Tomorrow is Diwali, a five-day festival that celebrates the victory of light over darkness.
The Foundation for Mother & Child Health (FMCH) India reported that almost eight lakh (hundred thousand) children in India are not able to celebrate their first Diwali due to poor nutrition and health outcomes.
FMCH works to empower families from vulnerable communities with actionable information and services, resulting in health seeking behavior and nutritious food choices in order to tackle maternal child malnutrition, ultimately breaking the cycle of poverty.
“FMCH India’s work empowers women – it gives confidence and encouragement to an FMCH field officer, adds to the skills and knowledge of a government frontline worker, and builds agency and support for mothers in the community,” Shruthi Iyer, CEO and Co-founder, FMCH India tells Our Milky Way.
When Our Milky Way first interviewed FMCH in 2018, the organization had reached 10,000 women and children in Mumbai and Thane districts of Maharashtra. To date, FMCH has now worked with 60,000 families across low income neighborhoods of Mumbai.
Still, in 2020, more than 40 percent of children in India were undernourished and 50 percent of women were anemic.

Photo credit: FMCH
Within the first 1,000 Days, FMCH strives to implement education sessions in the community, home based counseling, and the strengthening of systems, each strategy with a strong emphasis on monitoring and maintenance of quality. Sustainability has been built into the program through community engagement and government systems.
Because malnutrition and maternal health are complex forces, FMCH engages in a variety of programs. Read in detail about them here.
For instance, as part of Project Poshan, the organization identified that in Mumbai, “only 53 percent of newborns are breastfed within one hour of birth, displaying a serious lack of early initiation of breastfeeding. On the other hand, the percentage of breastfed children aged 6 to 23 months receiving an adequate diet is as low as 6.4 percent in the city.” [ Retrieved from https://www.fmch-india.org/wp-content/uploads/2021/10/FMCH-Annual-Report-2021-Interactive.pdf]
Most recently, in the last year, FMCH “worked with close to 25,000 families, and recorded an increase in early initiation of breastfeeding – 74% from 59%… The national average is 57%,” documented in the latest Annual Report. What’s more, 70 percent of mothers started complementary feeding at the appropriate age of six months.

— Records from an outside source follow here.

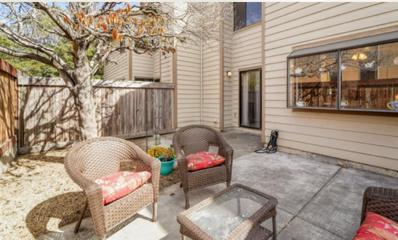
CEDAR TERRACE, SAN PABLO THIS HOME SOLD FOR 108.13% OF THE ASKING PRICE!
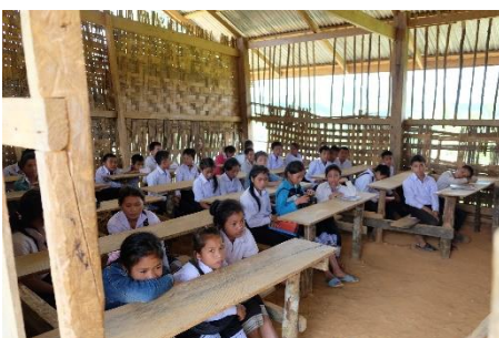
Classrooms are very crowded, rotten and loud. This is not a conducive learning environment
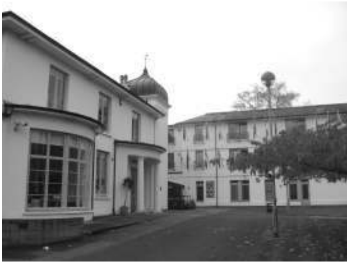
The Olave Centre: elegant headquarters of a worldwide movement
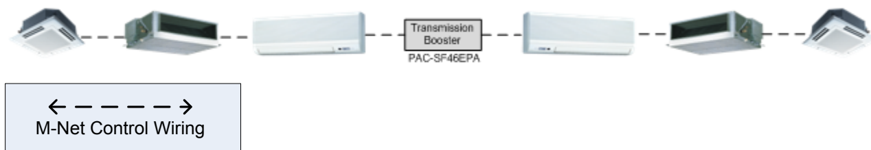
Figure 3: Unit configuration using Transmission Booster

The transmission booster is supported by Design Tool. We recommend using the Design Tool to assist with applying the transmission booster.
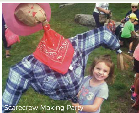
Scarecrow Making Party

This sign has great information on Olyphant, including photos and historical facts. Check it out the next time you are walking by the Olyphant Train Station Platform.
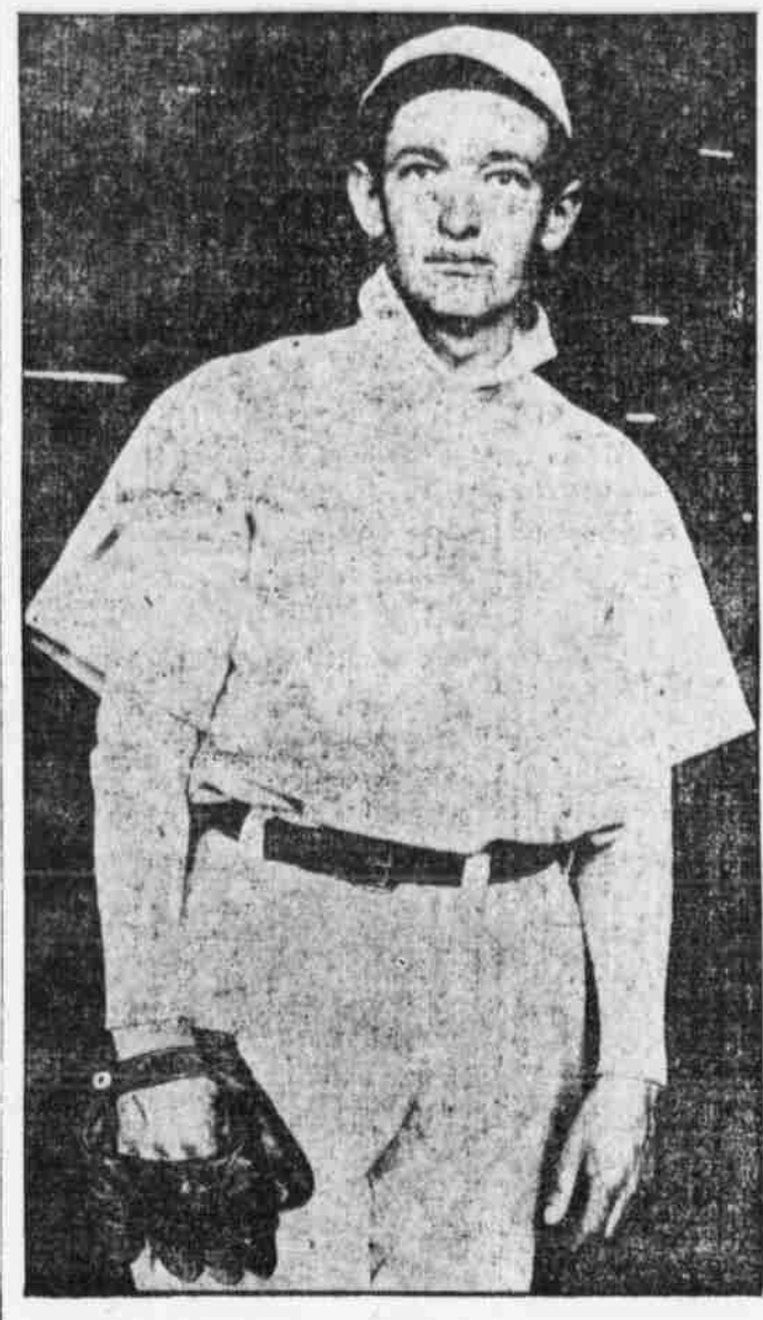
Omaha's Left Fielder, Who Will Play in the Outfield for the Cincinnati Reds Next Season.
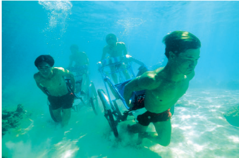
Jun NGUYEN-HATSUSHIBA, Memorial Project Nha Trang, Vietnam: Towards the Complex – For the Courageous, the Curious and the Cowards , 2001 Video, colour, audio, 13', Duration Collection Singapore Art Museum Courtesy of the artist / Collection of the artist

Charles Lim will represent Singapore at the 2015 Venice Biennale International Art Exhibition.
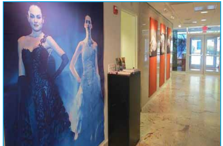
Idrija lace exhibition.
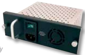
Optional, additional power supply

The model EIS2-EXTEND extends your copper Ethernet connections up to 2600 meters (8,530 feet) over twisted pair wire. The Ethernet Extender fully complies with IEEE 802.3 10BaseT and IEEE 802.3u 100BaseTX standards. Two EIS2-EXTEND models are required for the Ethernet extension, (one at each end of your extension points). The EIS2-EXTEND's design features high shock, vibration, electrical noise immunity, a wide operating temperature range from -10C to 60C and ruggedized housing. The EIS2-EXTEND can be used with included power supply or in the EIS-RACK-16, 19-inch rack mount chassis used to house up to 16 EIS2-EXTEND units.
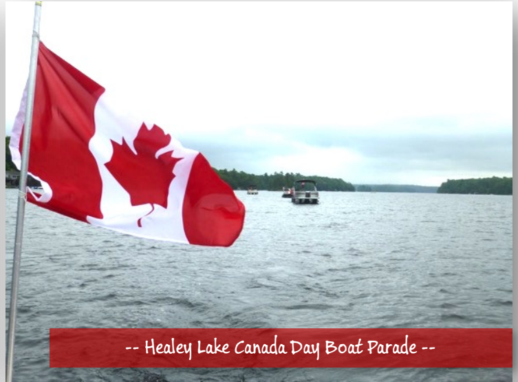
-- Healey Lake Canada Day Boat Parade --
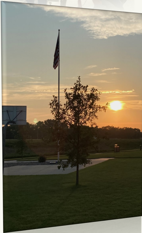
Below: Members' celebrated the Fourth of July with music, a peaceful sunset and a spectacular fireworks show.
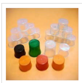
Pharma Measuring Caps
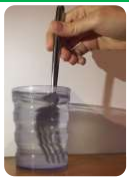
200mls Mix with a fork for 30 seconds. Allow to stand for one minute before drinking.
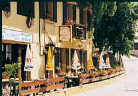
The Chardon Bleu

A little train trundles around the village allowing you to leave your car behind if you want to visit the shops in Vaujany – a small supermarket, newsagent, bakery and three sports shops.
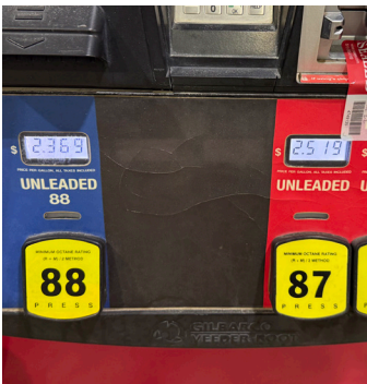
15¢ Kansas Feb. 4, 2026

Their work supporting healthy infant feeding recognizes that breastfeeding is not only the responsibility of the mother though and aims to educate the network of people around the breastfeeding dyad.
FMCH’s most recent annual report describes the success stories of health care providers and the families they serve. Explore them here.
Iyer says the way forward is to establish more direct interventions, build out indicators for their theory of change and to conduct more trainings for Anganwadi workers. (Anganwadis are rural child care centers started by the Indian government as part of the Integrated Child Development Services program.)

In the earliest Indian literature, the Vedas (a large body of religious texts originating in ancient India) recognize the life-giving powers of breastmilk.
As documented in The Religious and Cultural Bases for Breastfeeding Practices Among the Hindus “…Milk and breast are symbolic of longevity and nectarine sweetness” and “‘Drinking of the milk, whose sap is the sap of immortal life divine, may your baby gain long life, as do the gods by feeding on the beverage of immortality!’ (Susruta, III, 10).”
Extolling breastmilk in modern India and globally, through programs like FMCH, is like the light over darkness during Diwali, the FMCH vision achieved: “Healthy mothers and thriving children for a world of unlimited possibilities.”